Research Topic: Building of Intelligent Collaborative Behavior with Multi-Agent Robotic Systems Based on Biological Principles

The research objective is to provide an open, versatile platform for the broad introduction of robotic multi-agent cooperative teams into the human everyday life, building systems capable to perform different delicate, tiresome and time-consuming tasks autonomously or in cooperation with human partners. The groundbreaking innovations are:

  1. Investigations towards a theory of collaboration resulting in building of artificial collaborative/collective behavior attributes of heterogeneous multi-robot teams based on natural bio-principles and advanced methodologies from artificial intelligence and cognitive science.
  2. A versatile technology platform in response to the different application scenarios concerning use of intelligent multi-agent robot teams.
  3. A safe and robust cooperative technology based on perception, cognition and advanced behavior of multi-agent robotic (high-tech) systems that sets the scene for using the platform in different indoor applications.
  4. The experimental test-bed scenario, as a specific scaleable, dynamic shopping-mall (store) scenario model, with multi-agent robotic systems employed as a cooperative team performing delivery/transportation, surveillance/monitoring, cleaning and other characteristic tasks, autonomously or in cooperation with humans.

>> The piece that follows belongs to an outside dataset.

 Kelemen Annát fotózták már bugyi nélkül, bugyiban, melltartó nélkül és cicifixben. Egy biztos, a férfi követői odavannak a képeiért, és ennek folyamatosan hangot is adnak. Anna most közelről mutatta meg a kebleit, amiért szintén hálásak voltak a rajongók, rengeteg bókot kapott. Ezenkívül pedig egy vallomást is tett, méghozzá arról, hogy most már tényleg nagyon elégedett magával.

Robot-agents will learn cooperation through simulation and experimentation and through interaction with humans. In that sense, different concepts of behavior-based control (centralized or decentralized) will be developed, tested and evaluated in real situations to fit well the operative strategy within a chosen store-application. The results of the R/D will lead to an affordable platform that is targeted to the market, open to the whole class of applications that require a safe and reliable robot cooperation during complex dynamic tasks.

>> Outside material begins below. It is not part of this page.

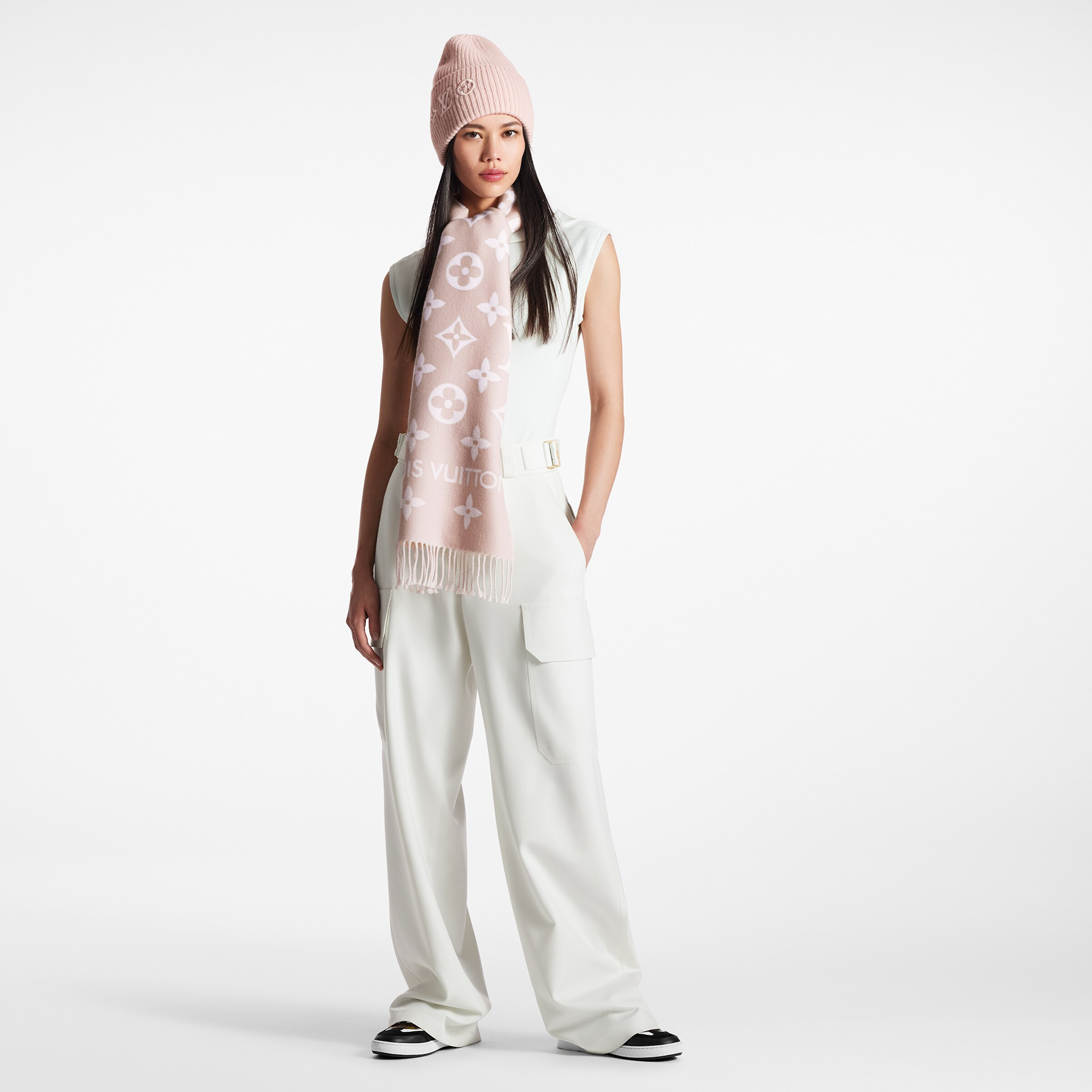 The LV ESSENTIAL scarf lengthens the distance between the elements of the classic Monogram pattern, presenting a refreshing look. The sheep wool brings a soft and warm texture, and the Louis Vuitton logo and fringe trims complete the whole, adding a casual choice to the Reykjavik scarf and Logomania scarf.

The need to assist (substitute) humans working on delicate, tiresome and monotonous tasks, or working with potentially health-damaging toxic materials, requires intelligent, high performance robots with the ability to cooperate, advanced communication and sophisticated perception and cognitive capabilities. In particular, heterogeneous robotic multi-agent systems (teams) are expected to be involved in every-day life within the public domain, in applications as diverse as: rescue missions, security, nursing, flexible production processes, market, entertainment, delivery, as well as specialized crews at the space orbital stations or bio-chemical laboratories at remote locations, etc. All of these demanding applications mean that the research community should consider robotic systems in a quite different way, in the sense of their integration and networking to bring them together into multi-agent collaborative groups/teams capable of performing a variety of complex tasks as required.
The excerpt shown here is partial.